FShown are simulated data to illustrate what individual variation in rIIV looks like, under different effect sizes of CVP. Thirty Individuals are simulated, each with 20 observations. Individuals are then ranked from smallest to largest variance, and simulated data points are shown as a residual deviance from 0. When sample sizes are reduced, the heterogeneity appears greater, especially at the null (a). Code to replicate these simulations can be found in the Appendix S1

Different factors of the endogenous state could create variability over different periods of time (Mitchell, Dujon, et al., 2020). For instance, neural activity can change very quickly and cause variability over short time periods (Ribeiro et al., 2016), while energy availability may change over hours or days—thus creating variability over a longer period of time (Mitchell & Biro, 2017). The estrous cycle creates variability over the course of three to 4 days in mice (Carmichael et al., 1981), which regulates activity levels (Gerall et al., 1973), creating rIIV from endogenous effects in both hormones and behavior. Studying individual‐level cycles may therefore help us understand the proximate causes of rIIV, as differences in amplitude, frequency, and sensitivity to these internal cycles may create individual differences in behavioral and physiological rIIV. More broadly, studying these temporal patterns may illuminate the most important contributing proximate causes to the maintenance of consistent individual variation in these labile traits.

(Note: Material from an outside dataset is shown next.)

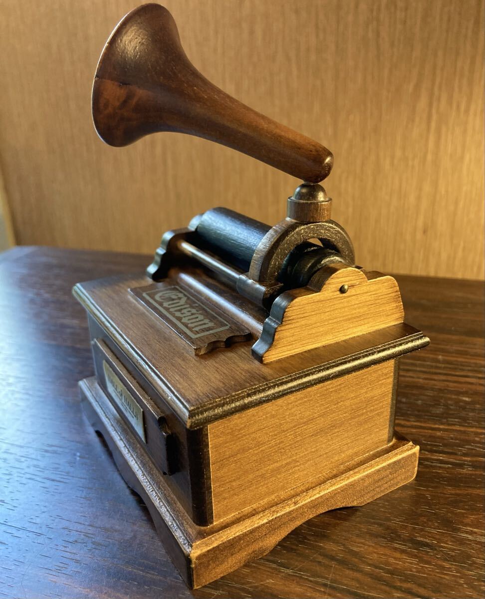 古めかしい蓄音機を模した手巻きのオルゴールとなります。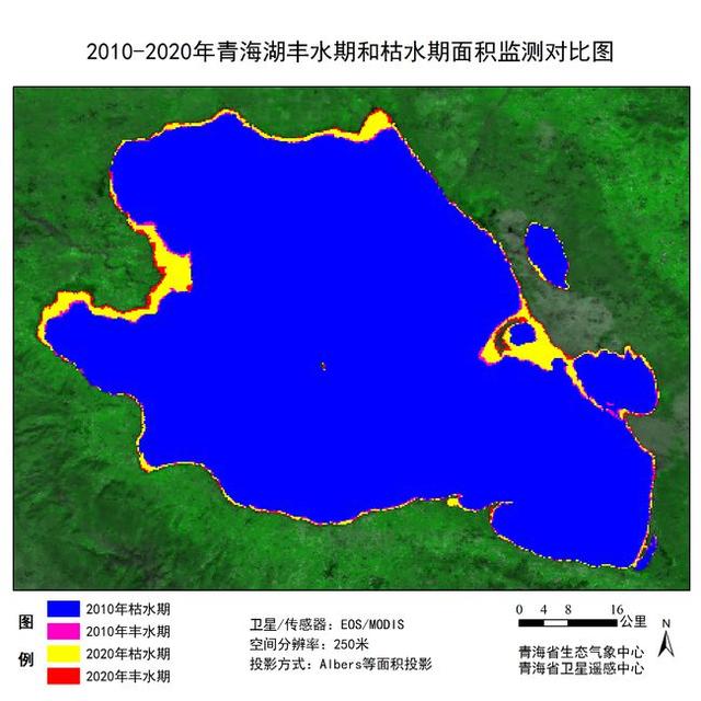 图为2010年至2020年青海湖丰水期和枯水期面积监测比照图。来历:青海省生态气候中心 青海省卫星遥感中心

Meta‐analysis of correlation of rIIV with the mean trait value

Many ideas have been posited as to why we may expect the mean trait value to covary with rIIV (Highcock & Carter, 2014; Mitchell et al., 2016; Westneat et al., 2015), which we discuss below. We focused our analyses on boldness (n = 19 estimates) and activity rates (n = 20 estimates), where we had a reasonable amount of data to assess generality in these correlations. Most of the boldness assays related to latency to emerge following a fright stimulus. Time perception is typically thought to scale logarithmically (Staddon & Higa, 1999), while log‐scaling is also a reasonable assumption in flight initiation distance due to being bounded by 0, as well as likely perception error arising due to larger distances being harder for the animal to estimate accurately. As such, all boldness behaviors were analyzed on the log‐scale (except Jolles et al., 2019, which was proportion in center of an arena). Activity rate analyses were more heterogeneous, with some datasets representing proportion of time moving (Biro & Adriaenssens, 2013; Herczeg et al., 2019), while others were based on distance moved (e.g., Hertel, Royauté, et al., 2020; Mitchell & Biro, 2017) and were transformed where appropriate to achieve symmetry and meet distributional assumptions. Transformations in the study of rIIV are highly important as they set the null prediction of the covariance in the mean, affecting the correlation of “personality” with rIIV, and also the magnitude of variance in rIIV (i.e., CVP; Yang et al., 2011). Correlation coefficients extracted from these analyses were transformed to Fisher's Z‐correlation (Equation 2) to normalize the data for meta‐analysis.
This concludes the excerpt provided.